The Phenom 2 X4 was never really "the stuff" - it was just a cut-price chip - good performance for the dollar. AMD were happy making small profit margins on their Phenoms to compete with Intel chips at that time. The Phonom 2 X4 never really held a candle to Intel's first generation i7, it was just priced at a lower price point, mind you the Phenom 2 X4 was AMD's top chip, either way, it's plagued by stability issues.

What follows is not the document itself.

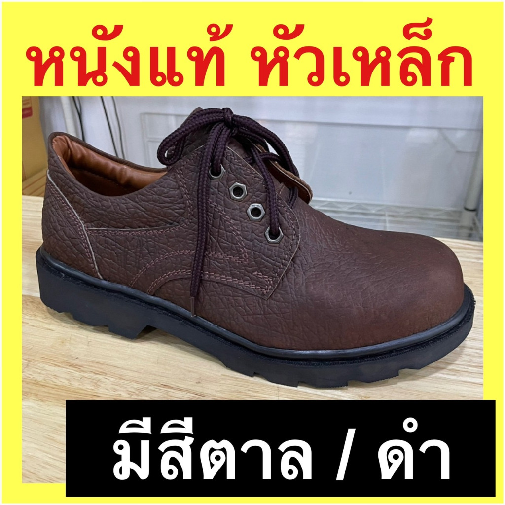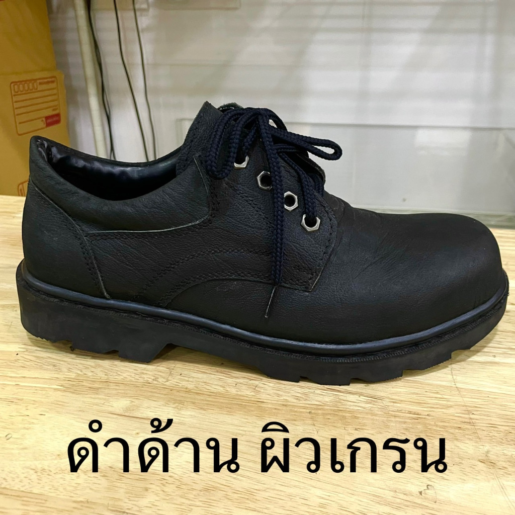รองเท้าหัวเหล็ก รองเท้าเซฟตี้ เหล็กนอกหนังกลับสีดำแท้100% รองเท้าเซฟตี้พื้นเย็บทั้งคู่อึดถึกทน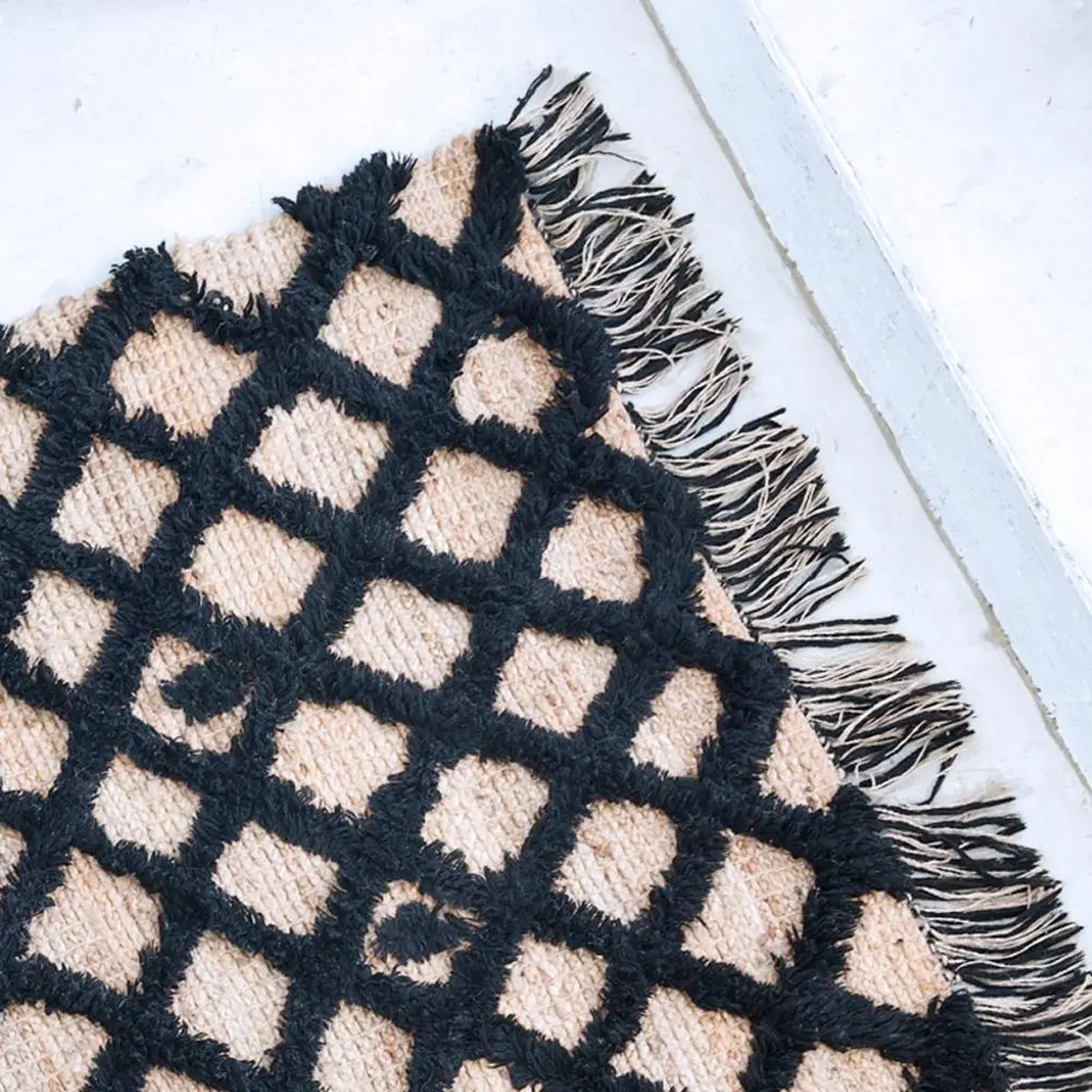 Hand Knotted Base Plaited Customizable Diamond Weave In Black Extra Large

The last time AMD really had dominance was in the days of the AMD Athlon x64 and AMD Athlon x64 X2. The top single core Athlon model (the 4000+) was really dominating Intel's top single core chip at the time, the Pentium 4 (Prescott revision) in everything except video encoding, really. The dual core Athlon was better than the Pentium D in areas relating to power consumption and heat dissipation. Essentially it was this which forced Intel to end its Pentium series and move its focus onto the "Core" line of processors (remember Core 2 Duo) - which was a new architecture based on Intel's Pentium M - which in turn was based on the Pentium 3 microarchitecture, thus Intel returning to computing more per clock cycle rather than increasing the number of clock cycles per second (which generates heat and inefficiency).
Most of you younger kids probably wouldn't know much this far back because you probably would have been too young at the time, but that was AMD's heyday. Before that AMD's Duron processors didn't really match up to the Pentium 3 and after that, AMD never really caught up when Intel took off with the Core line, which evolved from Core 2 Duo to Core 2 Quad and now the Core i3/5/7 lines.